Normally when a company starts being shitty, the best people start leaving. E.g. when you make bad design decisions for a video game, you start losing your highest skilled players disproportionately. They leave at a higher per-capita rate than medium or low skilled players. Similarly you start losing content creators, bug hunters, strategists, early adopters, etc.
But ad-driven websites covertly/accidentally use a two-tiered system. I barely know how shitty the ads on YouTube are because I use ad block. I don’t leave over them. I just turn them off using tools that, for various reasons, many other people do not use. There are lots of websites that, if ad block didn’t exist, I would dislike and stop using. I think many of the best people are the same. With a video game, everyone gets the same experience. With a book or TV show, everyone gets the same story. But with YouTube or Worldometer, the better people are disproportionately likely to get a better user experience, so they keep using it, linking it, talking about it, etc., and helping lead the masses to it. But then it sucks for a lot of the masses.

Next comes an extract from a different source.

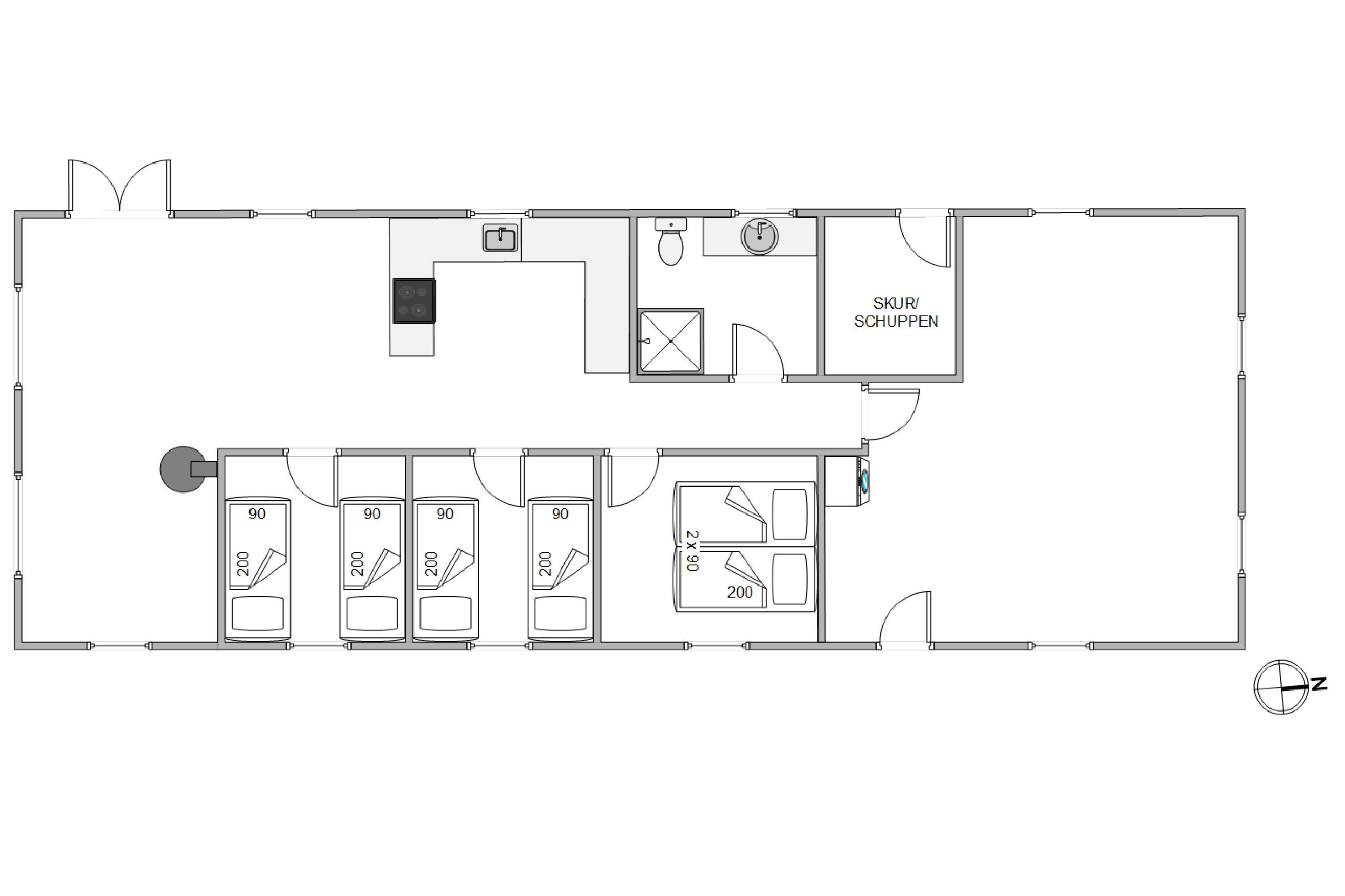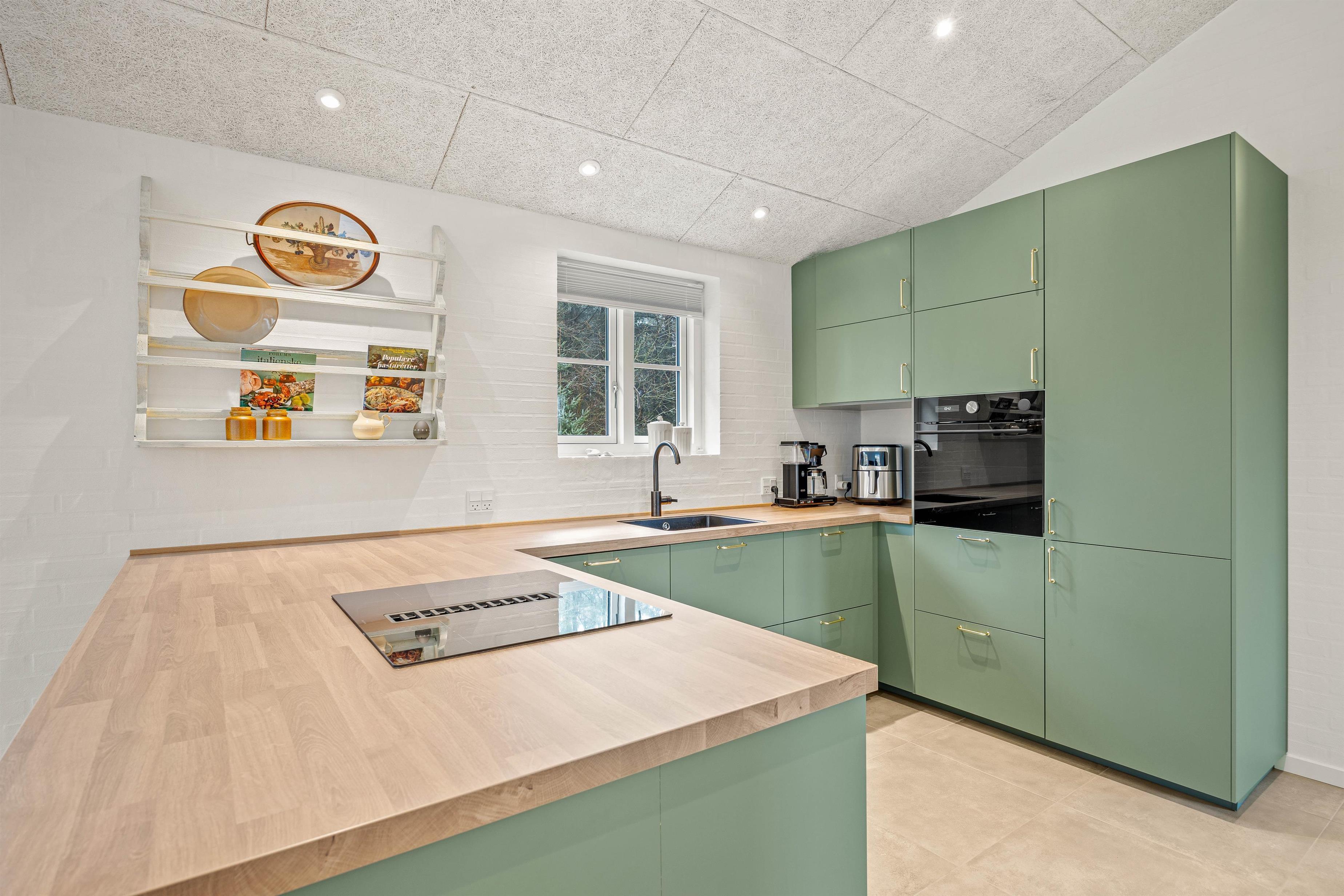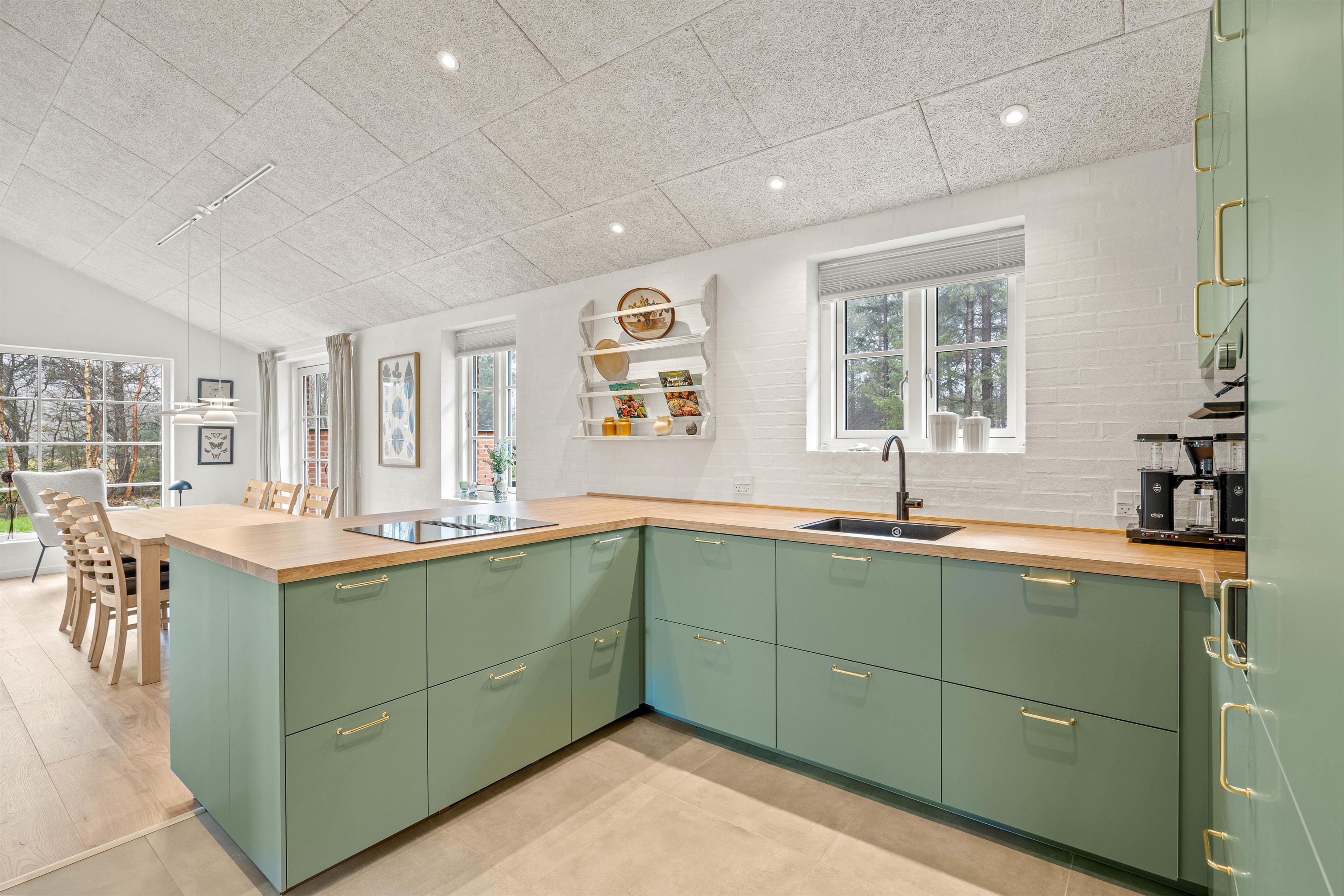 Indenfor byder sommerhuset på en hyggelig og funktionel indretning, perfekt for en afslappende ferie. Køkkenalrummet i den ene ende af sommerhuset er det naturlige samlingspunkt, og med en brændeovn i stuen opstår der automatisk en varm og indbydende atmosfære, som inviterer til lange, hyggelige aftener.

I agree. This reminded me of the first 20s of this video that is relevant: (from Coffeezilla – a finance-y YT channel; not always high quality, but popular.) https://www.youtube.com/watch?v=Z-BaG09PbFY
I think a lot of tech products are two-tiered. Only instead of ads the savvier people can skip, the tiering is based on the user’s need for help/support, especially when the product isn’t technically ‘broken’.
The best people, who are skilled enough to handle setup and within-spec operation completely on their own or by searching web articles, can have a good experience with lots of tech that’s supremely shitty for the masses.
The same products create a shitty experience for most people because they’re not simple enough for most people to handle on their own and support sucks badly.